YOUR ASSIGNMENT:
Each line of the material must be reproduced exactly; pictures stay out.

DATA EXCERPT:
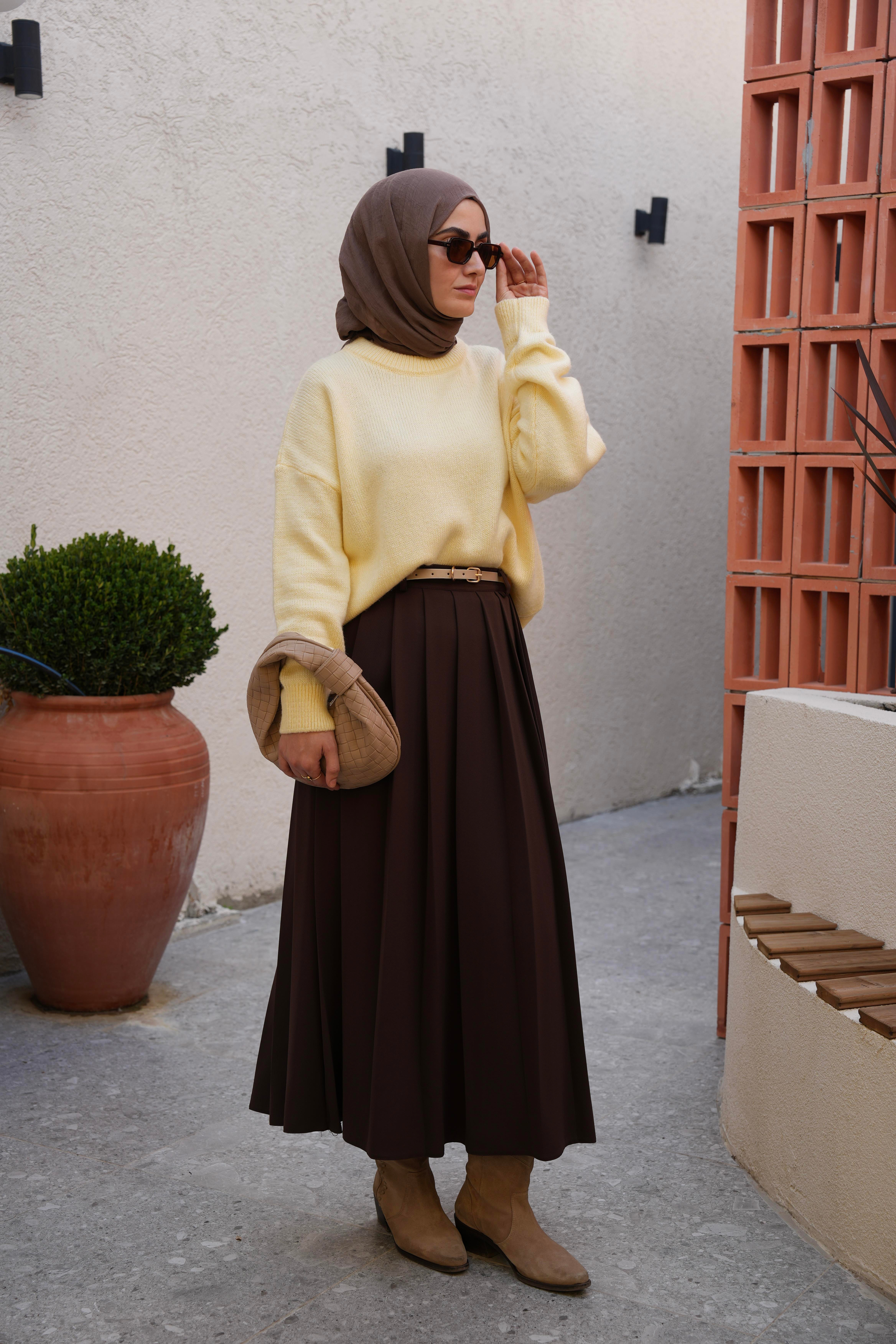 Pilikaşe Etek Kahverengi
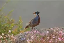 红腹角雉属于鸡形目雉科,雄鸟体羽及两翅主要为深栗红色,满布具黑缘的灰色眼状斑,下体灰斑大而色浅。雌鸟上体灰褐色,下体淡黄色,杂以黑、棕、白斑。全部>>
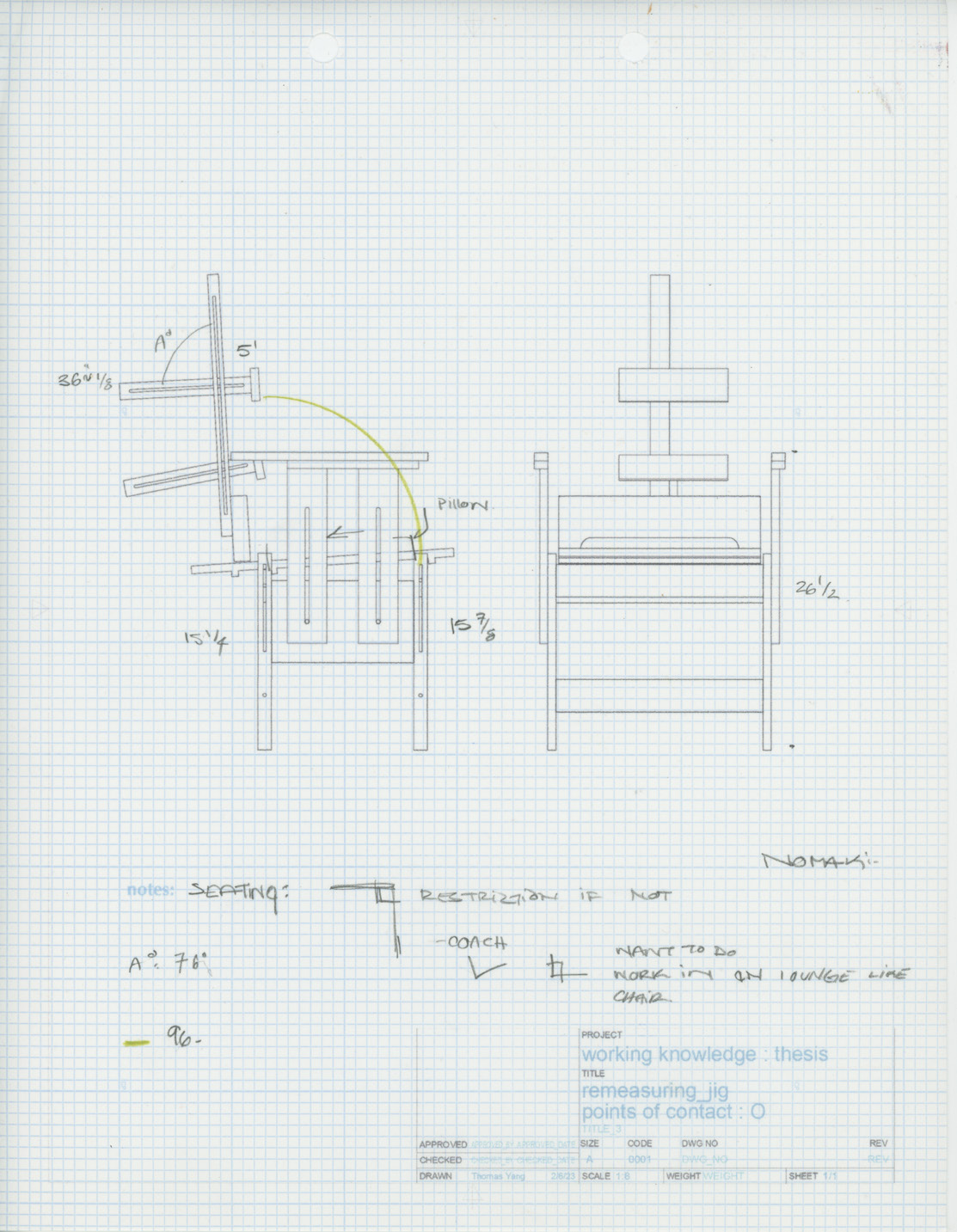 The remeasuring of Henry Dreyfuss’ measure of Man does not only live as a critique to the numerical data and scientific conformity of how a human being “should” sit, it also questions the intentions and motives behind the creation of furniture.

OUTPUT FOR THIS EXERCISE:
 Pilikaşe Etek Kahverengi
 红腹角雉属于鸡形目雉科,雄鸟体羽及两翅主要为深栗红色,满布具黑缘的灰色眼状斑,下体灰斑大而色浅。雌鸟上体灰褐色,下体淡黄色,杂以黑、棕、白斑。全部>>
 The remeasuring of Henry Dreyfuss’ measure of Man does not only live as a critique to the numerical data and scientific conformity of how a human being “should” sit, it also questions the intentions and motives behind the creation of furniture.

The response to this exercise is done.